I have a toy example where the goal is to process a 3x3 matrix of integers on the GPU and do an element wise doubling of the numbers. I have no problem doing this allowing CUDAnative to linearize the array to a vector, but attempting to process the array as a 3x3 on the GPU is puzzling. Here is my toy example which produces the right answer but for the wrong reason.

using CUDAdrv, CUDAnative

function kernel_mmul(a, c)
    i = (blockIdx().x-1) * blockDim().x + threadIdx().x
    j = (blockIdx().y-1) * blockDim().y + threadIdx().y
    c[i,j] = a[i,j].*2
    @cuprintf(" %d %d %d %d\n",i,j,c[i,j],threadIdx().y)
    return nothing
end

dev = CuDevice(0)
ctx = CuContext(dev)
a = Int32[1 2 3; 2 3 1; 3 1 2]
d_a = CuArray(a)
d_c = similar(d_a) 
@cuda ((1,1),(3,3)) kernel_mmul(d_a, d_c)
c = Array(d_c)
println(a)
println(c)
destroy(ctx)

For some reason the index j in the kernel is always zero. So I guess multiple blocks of i are processed to get the answer. The count of iterations is correct each time and the result is correct as long as the process does not end in error due to poor choice of grid and block combinations. Of note is that blockDim seems to be zero which is counter intuitive.


#2

Your index calculation is correct, but by doing -1 it gets promoted to Int64, which means your format specifier is wrong. Either use %ld, or do -Int32(1).

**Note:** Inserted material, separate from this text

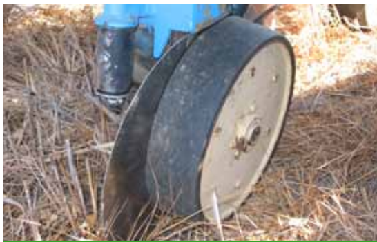
Figura 7. Sembradora equipada con disco abridor único y rueda neumática de control de profundidad.

El peso medio de una sembradora de discos a chorrillo varía entre 700 a 900 kg/m de anchura de trabajo para las de disco simple, aumentando hasta los 1.000-1.300 kg/m las de doble disco. La potencia mínima del tractor para las primeras es del orden de los 20 kw/m, mientras que las otras necesitan 25 a 30 kw/m. Para cultivos en hileras separadas (monograno o de precisión) la mayoría de las sembradoras utilizan triple disco, ondulado el de corte de restos y doble el de siembra con una o dos ruedas laterales de goma, que pueden modificar la posición de su eje con respecto al de los discos, con el fin de regular la profundidad de siembra (Figura 9). De manera opcional pueden montarse separadores de rastrojo.

Relevant issue: https://github.com/JuliaGPU/CUDAnative.jl/issues/25


#3

Wow! You are right. The format string " %d %ld %d %d\n" works. So it might be informative that the variable “i” seems to be ambivalent about Int32 or Int64, but the variable “j” is very sensitive to that setting, even using the exact same value/type for the -1 component.


#4

Huh, curious. You should be using %ld for both though. Or even better, keep i and j 32-bits (although it doesn’t matter much in this case).